Ditadura militar: um debate sobre democracia e autoritarismo
Em 2024 estamos vivenciando os 60 anos do golpe que instituiu uma ditadura civil-militar no Brasil 1964 e 1985. Neste cenário a Revista Brasileira de Educação Básica (RBEB) lança uma edição especial: O Golpe de 1964 e a Ditadura Civil-Militar na escola básica brasileira com o intuito de socializar experiências e suscitar reflexões, na Educação Básica, sobre a repressão e sobre as lutas pela democracia no país durante aquele período. O nosso objetivo é o de reforçar, na escola básica, a luta pela democracia, pela memória e pela justiça de reparação, elementos fundamentais para que nunca mais tenhamos regimes políticos de exceção como aquele.
Para esta edição, Carmen Gil, uma das organizadoras desta edição, conversou com Caroline Bauer, professora do Departamento de História da Universidade Federal do Rio Grande do Sul e uma importante referência no debate sobre os usos da história sobre o tema da Ditadura Militar brasileira. Caroline também é uma das coordenadoras do LUPPA – Laboratório de Estudos sobre os Usos do Passado.
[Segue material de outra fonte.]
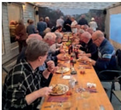
lekker chinees eten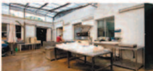
COCEDERO Y SALADERO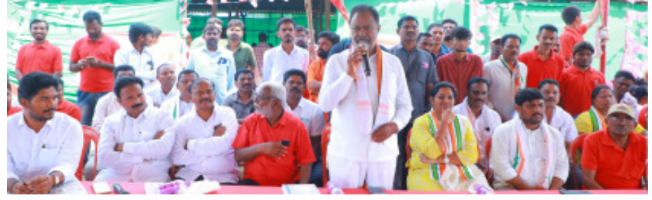
ఎమ్మెల్యే గండ్ల సత్యనారాయణ రావు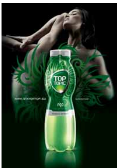
■ TOP TOPIC, ST. NICOLAUS - Trade, TESCO akciový leták, produktový leták, imidžový leták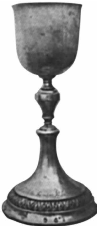
12. Nádudvary István: Kehely. Nagyvárad, 1805. Nagyszántói Református Egyházközség

június 1-jén. 1806. augusztus 7-én készített szabaddulási munkája, egy trébelt lemez nagyváradi próbajeggyel (K:1526) és Nádudvary mesterjeggyel (K:1551) a kassai múzeumba került. 95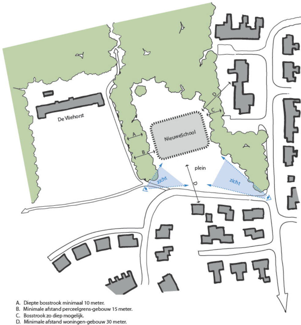
Figuur 9. Overzichtskaart met uitgangspunten beeldkwaliteit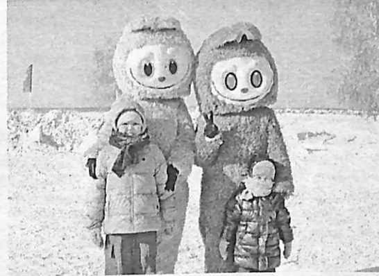
Даптар хаартыскага түһэриилэрэ.

суох үктэл оҕоһуллубуттар, сырылыыр сир балай эмэ үрдүк, уларсыкка аналлаах батуттар, ледянкалар бааллар. Сыл ытарга анаан араас көрүҥ автоматтар, бэстилиэттэр бааллар. Икки көрүҥ буран оҕолору хатааһылатар, ону аһан баггилар эмиэ сүүрэллэр итиэннэ ханкылыырга сөптөөх көбүс-көнө, олус киэн каток арылынна.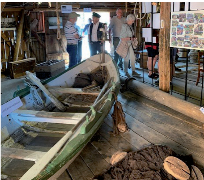
Fra utstillinga på Foss-brygga i Råkvåg.

Mælan skole har bekreftet at de og vi skal samarbeide om å utarbeide tre prosjekter som skal fastsettes i skolens lokale læreplan. Dette er basert på mål i den overordnede læreplan, slik som å gi elevene historisk og kulturell innsikt, bidra til at elevene kan ivareta og utvikle sin identitet og lære å kjenne verdier og tradisjoner.

Nessa entrevista, vamos conversar sobre ensino e arquivos, o papel das professoras e professores, o debate sobre democracia e autoritarismo dentro do contexto de rememoração dos 60 anos do golpe de 1964.
[RBEB] Você tem pesquisado o ensino sobre a Ditadura, tanto no que se refere ao mundo da escola como na sociedade brasileira como um todo. Conte-nos rapidamente como e porque esta temática se lhe afigura como importante.
Tenho pesquisado a temática da ditadura civil-militar brasileira de 1964 há muitos anos. Pude acompanhar transformações no campo da pesquisa e do ensino nesse tempo.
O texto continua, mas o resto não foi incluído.